During summer sales events, car dealerships become an even bigger treasure trove of confidential data. Customer data changing hands can include credit applications, bank account information, driver’s licenses, credit card and Social Security numbers.
But the increase in business can be a double-edged sword because information thieves are usually targeting dealerships more than ever too.
Here are 5 types of data thieves to watch out for, and ways to stop them.
- Hacker: Cyber criminals are an all-season threat with phishing scams, worms and viruses, ransomware and other strategies. Recommendations: Keep every computer’s operating system and other applications up-to-date, and install patches and updates regularly. Use firewall and antivirus software, and have a formal cyber security policy and incident response plan. Teach employees about cyber threats so they know not to click on any links in emails or download documents sent by unknown parties. Check credentials of bank and other correspondence to make sure it is legitimate.
- Unsafe Third Party: To facilitate transactions, dealerships often share confidential information with third-party businesses such as car makers, suppliers, and vendors (a 2017 post reported that the average dealership has about 30 different vendors plugged into its DMS). Unfortunately, many breaches today are being linked to third parties. Recommendations: Choose only vendors that understand their responsibility to protect your data.

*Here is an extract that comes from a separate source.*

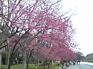 上野公園の緋寒桜は満開。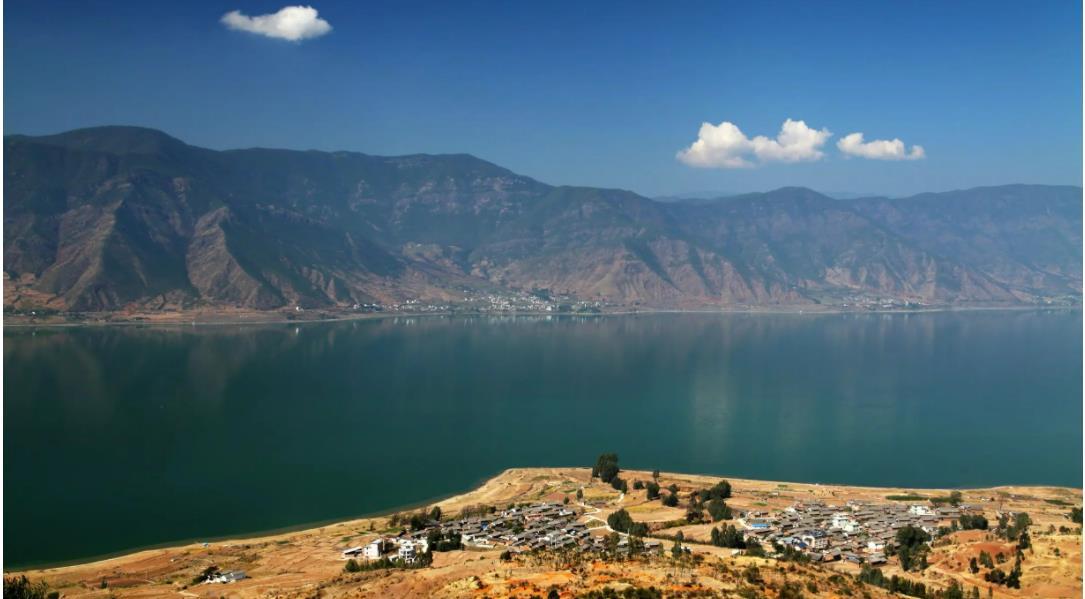 程海湖,云南省永勝縣境內(nèi)金沙江流域湖泊。位于云南省永勝縣中部,一般面積78.8平方千米,一般容積27億立方米。程海位于程海斷裂帶形成的盆地底部,古為程河,為金沙江支流,后陷落為湖。湖水主要來(lái)自盆地周邊山泉。湖水原經(jīng)南部湖口,經(jīng)程河(海河、期納河)下游匯入金沙江。近代由于水文氣候變化湖水一般不再外泄,成為內(nèi)陸湖。

- Thief Disguised as a Customer: Showrooms give information thieves easy access to data, and a cluttered workplace makes it even easier for a fraudster to walk by and steal data. Recommendations: Put safeguards in place so customers can’t wander into the office area. Implement a Clean Desk Policy so confidential information is not left out. Create a culture of security so that all staff members will take action if they see suspicious behaviour. Utilize a Document Management Process to manage requirements for secure document storage and destruction.
- ‘Rogue’ Finance Manager: While more than 97% of car dealers have never been associated with fraud, last year identity theft tied to auto loans and leases increased 43%. A 2017 white paper by PointPredictive also showed that many insider frauds at dealers can be traced to a rogue finance manager in the finance office. Recommendations: While background checks should be part of the hiring process, assigning more than one person to bookkeeping tasks will help keep everyone honest. On-going employee training should keep everyone up-to-date on information security protocols including a Mobile Device Policy (personal devices are often used by rogue/malicious employees and hackers when stealing data).
- Overworked Staff Member: The risk of employee error increases during busy times. Negligent employees were the top root cause behind data breaches across North America, according to the 2017 State of SMB Cybersecurity Report. Recommendations: Adjust scheduling to reduce overtime hours, and create workplace protocols that help mitigate human error. There should be guidelines that employees must follow when using dealership equipment and technology. Provide a regularly updated security handbook that covers all the legislation impacting the industry. Train employees on requirements of privacy laws including the new General Data Protection Regulation (GDPR) and the Disposal Rule, which stipulates that paper and digital files are securely shredded when no longer needed.